→ Data supplied
☆ ☆ ☆
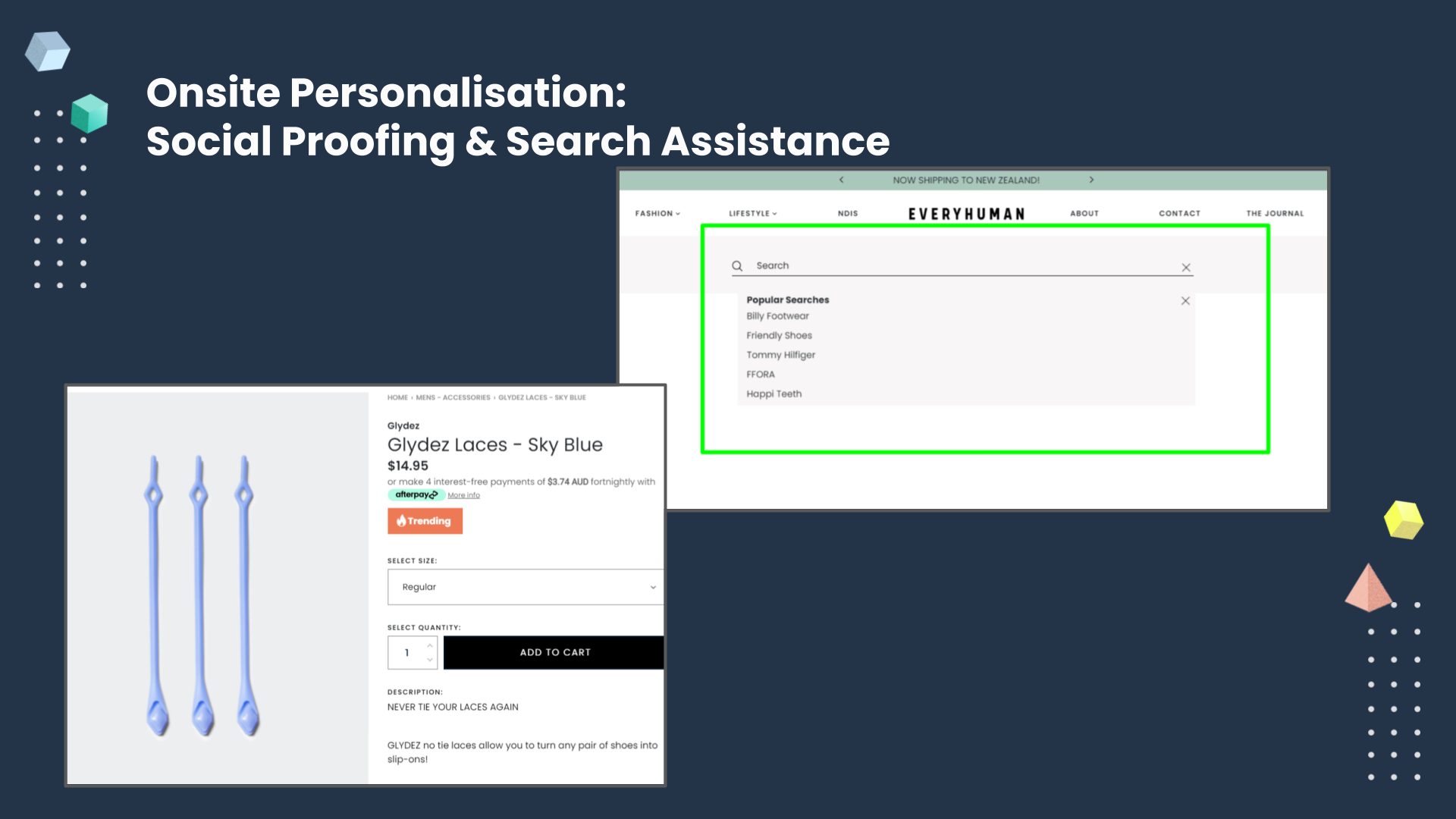 EveryHuman uses a variety of onsite personalization templates for different audience segments thereby optimizing various intents and behaviors, including:
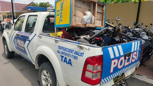 Kecelakaan melibatkan dua mobil, satu sepeda motor, dan gerobak es terjadi di Jalan Slamet Riyadi Solo pagi ini. Saksi menyebut peristiwa itu dipicu kendaraan mobil yang melaju kencang alias ngebut.
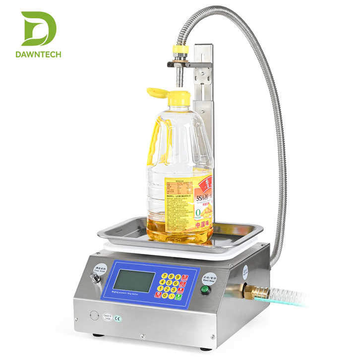 Machine de remplissage manuelle de liquides avec pompe à engrenages et balance pour eau, huile, vin, détergent, shampoing
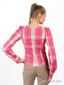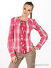 Детали: круглая горловина, застегивается на пуговицы, планка спереди декорирована рюшами, длинные рукава с манжетами на пуговицах
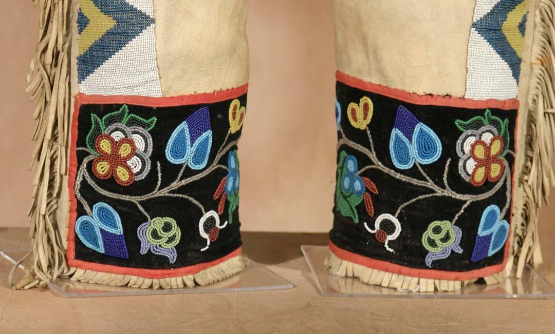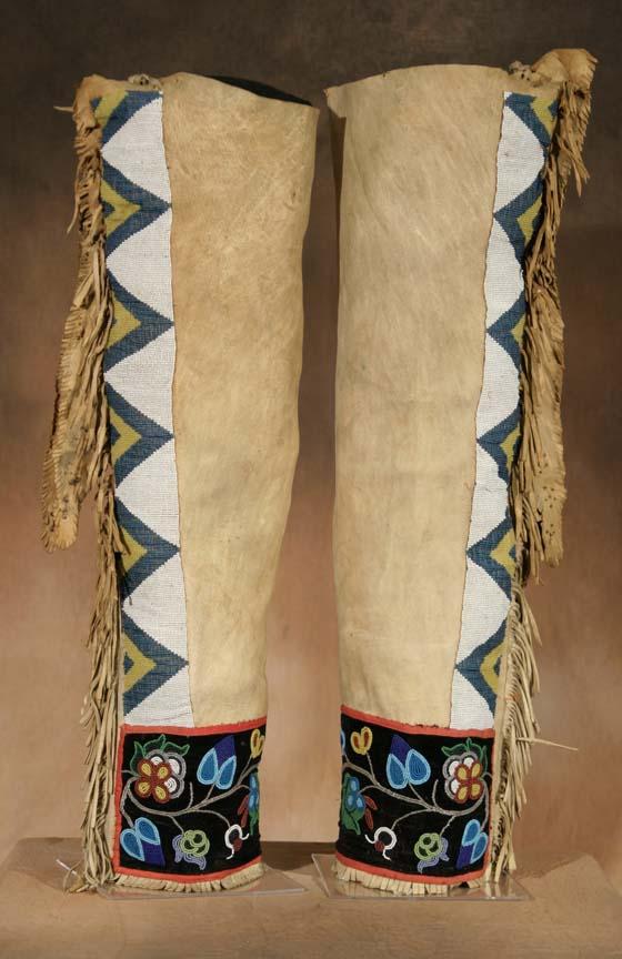 Chippewa Man's Leggings. 29" x 12" each. Buckskin with loom beaded strips & French velvet beaded bottoms. Circa 1880. (est $2,000-3,000). Provenance: Monroe Killy Collection, Minneapolis, MN. With Killy tags. For condition reports please visit: www.auctioninsantafe.com/cr2011.pdf
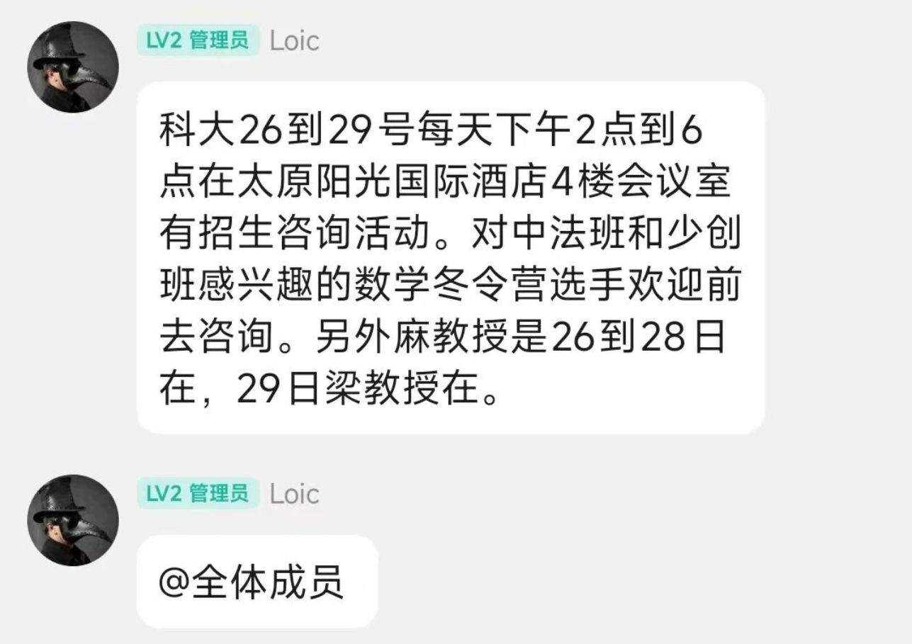 中科大26號到29號每天下午2點到6點在太原陽國際酒店4樓會議室有招生資訊活動。對中法班和少創(chuàng)班感興趣的數(shù)學(xué)冬令營選手歡迎前去咨詢。
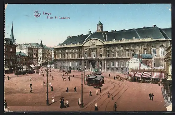 AK Liège, Place St. Lambert, tram, Strassenbahn
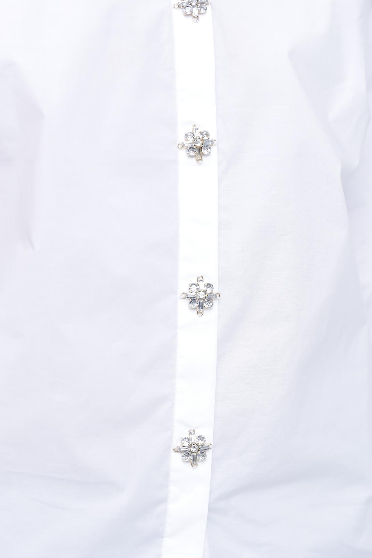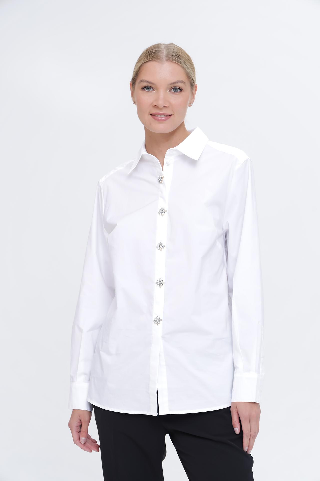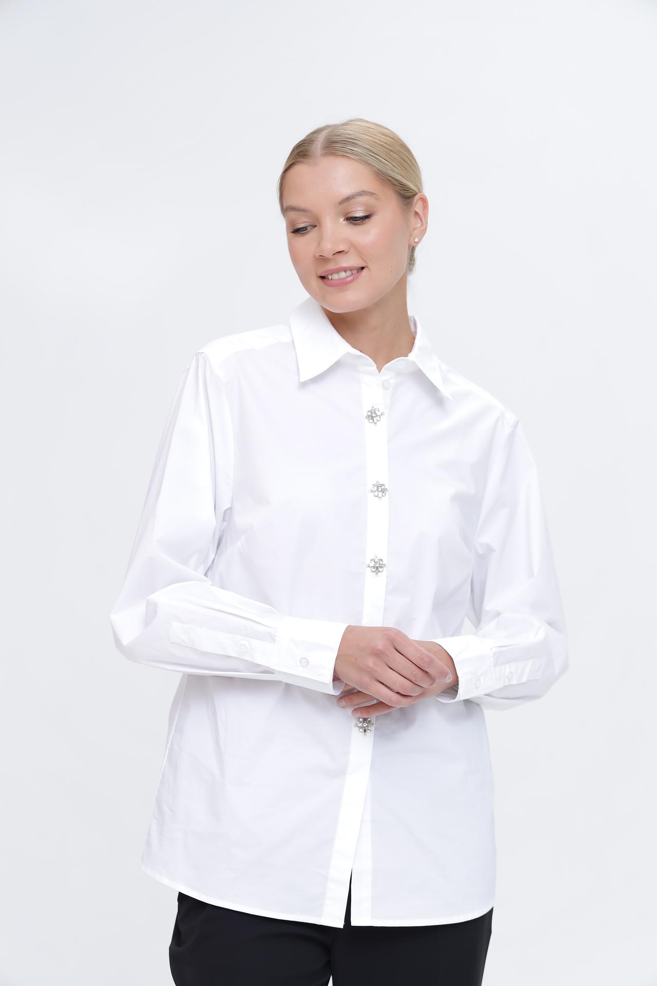 Благодаря классическому крою и белому цвету, эта рубашка станет базовым элементом вашего гардероба. Оригинальные пуговицы с декоративными элементами придают ей особый шарм и изысканность.
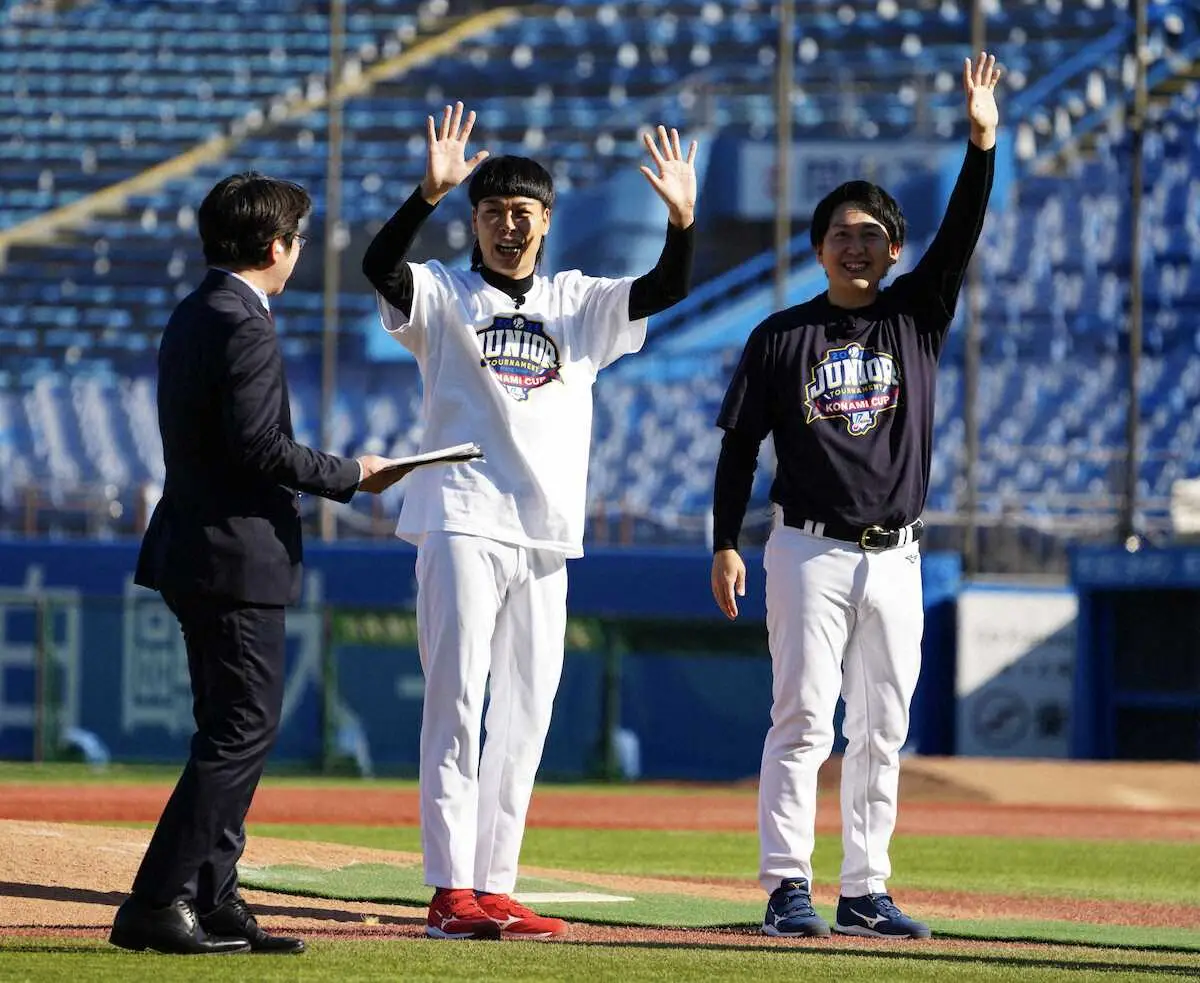 「NPBジュニアトーナメント KONAMI CUP 2025」は29日、神宮球場で準決勝、決勝を迎えた。ソフトバンクJrと阪神Jrの決勝前には、応援隊長を務めたお笑いコンビ「バッテリィズ」が駆けつけ、エールを送った。野球経験者のエースが投手、相方の寺家が捕手役を務め、126キロを計測するストライク投球で球場を沸かせた。
☆ ☆ ☆
→ About this task
Leave out the pictures, and write out exactly the lines from the one containing "Детали: круглая горловина, застегивается" through the last line of the listing, both included.

→ Task solution
 Детали: круглая горловина, застегивается на пуговицы, планка спереди декорирована рюшами, длинные рукава с манжетами на пуговицах
 Chippewa Man's Leggings. 29" x 12" each. Buckskin with loom beaded strips & French velvet beaded bottoms. Circa 1880. (est $2,000-3,000). Provenance: Monroe Killy Collection, Minneapolis, MN. With Killy tags. For condition reports please visit: www.auctioninsantafe.com/cr2011.pdf
 中科大26號到29號每天下午2點到6點在太原陽國際酒店4樓會議室有招生資訊活動。對中法班和少創(chuàng)班感興趣的數(shù)學(xué)冬令營選手歡迎前去咨詢。
 AK Liège, Place St. Lambert, tram, Strassenbahn
 Благодаря классическому крою и белому цвету, эта рубашка станет базовым элементом вашего гардероба. Оригинальные пуговицы с декоративными элементами придают ей особый шарм и изысканность.
 「NPBジュニアトーナメント KONAMI CUP 2025」は29日、神宮球場で準決勝、決勝を迎えた。ソフトバンクJrと阪神Jrの決勝前には、応援隊長を務めたお笑いコンビ「バッテリィズ」が駆けつけ、エールを送った。野球経験者のエースが投手、相方の寺家が捕手役を務め、126キロを計測するストライク投球で球場を沸かせた。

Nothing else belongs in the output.